▶ _Instructions to follow_
Your copy of the data should match it exactly, leaving out only the pictures.

▶ _Data provided_
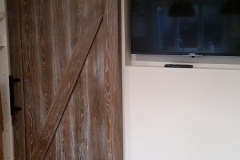 This barn slider door and faux wooden archway were created to add the finishing touches to a complete kitchen remodel. The door hides an attached laundry room and reveals a wall-mounted TV when closed. The archway is designed to mimic the look of large framing support beams. Both were made from white oak and finished with a multi-step staining and cerusing process that matches the kitchen island and range hood cabinets.
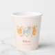 Cute cat theme birthday party paper cup featuring illustration of cats with party hats and pink flowers.
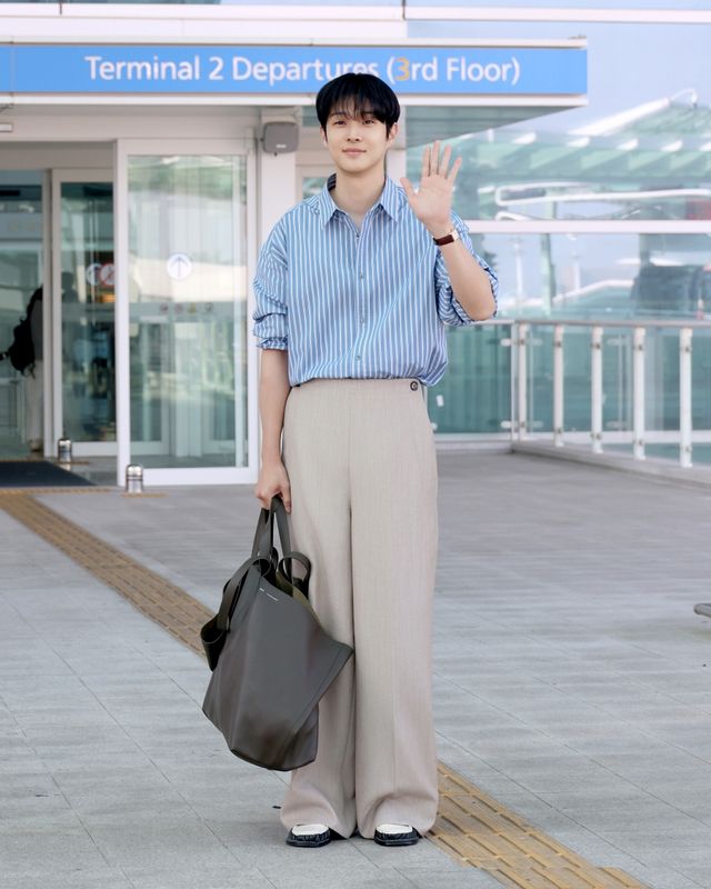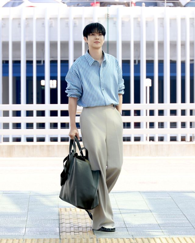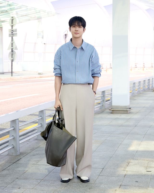 이날 최우식은 블루 스트라이프 셔츠와 루즈한 실루엣의 팬츠를 매치해 무심하면서도 세련된 여름 스타일링을 연출했다. 여기에 블랙 토트백과 컬러 블록 디테일이 돋보이는 로퍼를 더해 실용적이면서도 감성적인 무드를 완성했다.

▶ _Answer to this exercise_
 This barn slider door and faux wooden archway were created to add the finishing touches to a complete kitchen remodel. The door hides an attached laundry room and reveals a wall-mounted TV when closed. The archway is designed to mimic the look of large framing support beams. Both were made from white oak and finished with a multi-step staining and cerusing process that matches the kitchen island and range hood cabinets.
 Cute cat theme birthday party paper cup featuring illustration of cats with party hats and pink flowers.
 이날 최우식은 블루 스트라이프 셔츠와 루즈한 실루엣의 팬츠를 매치해 무심하면서도 세련된 여름 스타일링을 연출했다. 여기에 블랙 토트백과 컬러 블록 디테일이 돋보이는 로퍼를 더해 실용적이면서도 감성적인 무드를 완성했다.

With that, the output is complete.